● Problem description
All lines in the material with the string "Publik" should be listed.

-- Opening Marker --

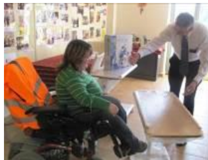
Kompenzační pomůcky od Církve Ježíše Krista Svatých posledních dnů
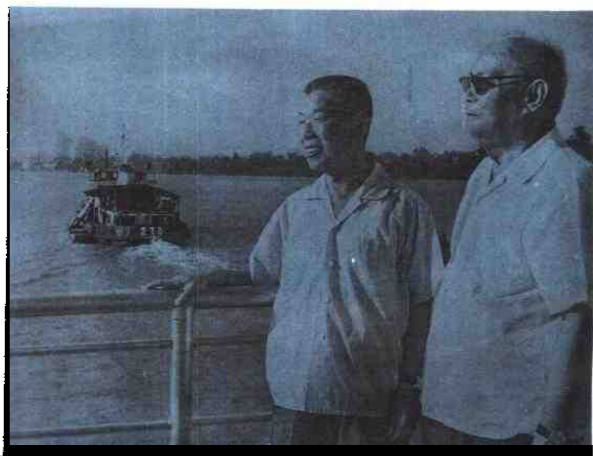
1975年9月，中央军委副主席叶剑英元帅在广西军区第一政委乔晓光陪同下视察广西。
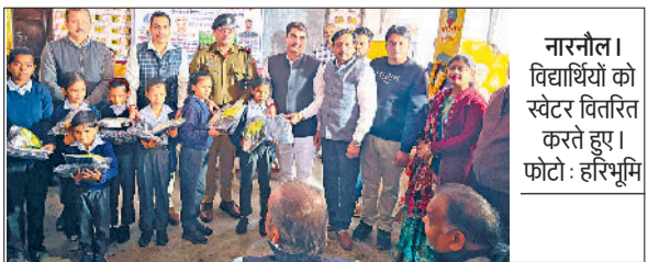
नारनौल। विद्यार्थियों को स्वेटर वितरित करते हुए।

अग्रवाल वैश्य समाज जिला इकाई की ओर से स्थापना दिवस पर सोमवार को सामाजिक एवं मानवसेवा कार्यक्रम का आयोजन किया गया। कार्यक्रम के अंतर्गत जरूरतमंद व आर्थिक रूप से कमजोर वर्ग के विद्यार्थियों व परिवारों को निःशुल्क स्वेटर, जूते, जुराब व खाद्य सामग्री वितरित की गई। कार्यक्रम का आयोजन राजकीय
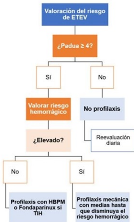
Figura 1: Protocolo hospitalario de uso de la tromboprofilaxis en el servicio de Medicina Interna
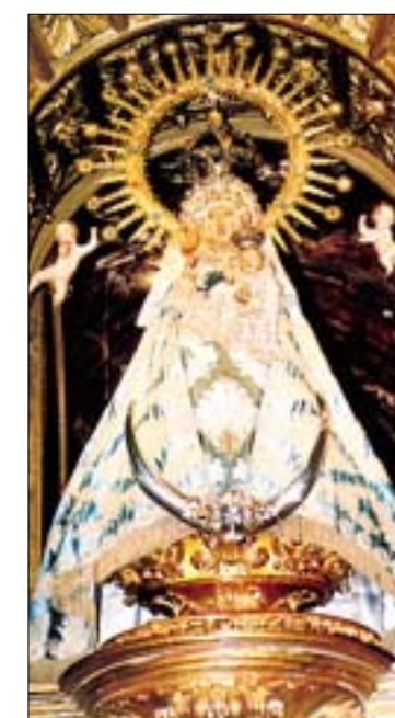
F.J.I. LÓPEZ DE SILANES

Cúpula de la sacristía (s. XVIII) donde se observan los estragos causados por el agua en la escena del fondo. En la imagen de la derecha, Virgen de la Vega, con sus símbolos en la mano derecha: la granada y las espigas de trigo, que representan sus tradicionales leyendas
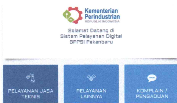
Sistem Pelayanan Informasi Publik (SIPELIK)

Sistem Pelayanan Informasi Publik (SIPELIK) merupakan salah satu inovasi layanan informasi di tahun 2022. Sistem Pelayanan Informasi Publik (SIPELIK) memiliki fitur berupa pengajuan layanan jasa teknis maupun non teknis dan pengajuan komplain serta pengaduan. Disediakan saluran pengajuan yang berbasis internet tersebut sejalan dengan pergeseran pola komunikasi publik yang menuju digital.

-- Closing Marker --

● Answer space
Sistem Pelayanan Informasi Publik (SIPELIK)
Sistem Pelayanan Informasi Publik (SIPELIK) merupakan salah satu inovasi layanan informasi di tahun 2022. Sistem Pelayanan Informasi Publik (SIPELIK) memiliki fitur berupa pengajuan layanan jasa teknis maupun non teknis dan pengajuan komplain serta pengaduan. Disediakan saluran pengajuan yang berbasis internet tersebut sejalan dengan pergeseran pola komunikasi publik yang menuju digital.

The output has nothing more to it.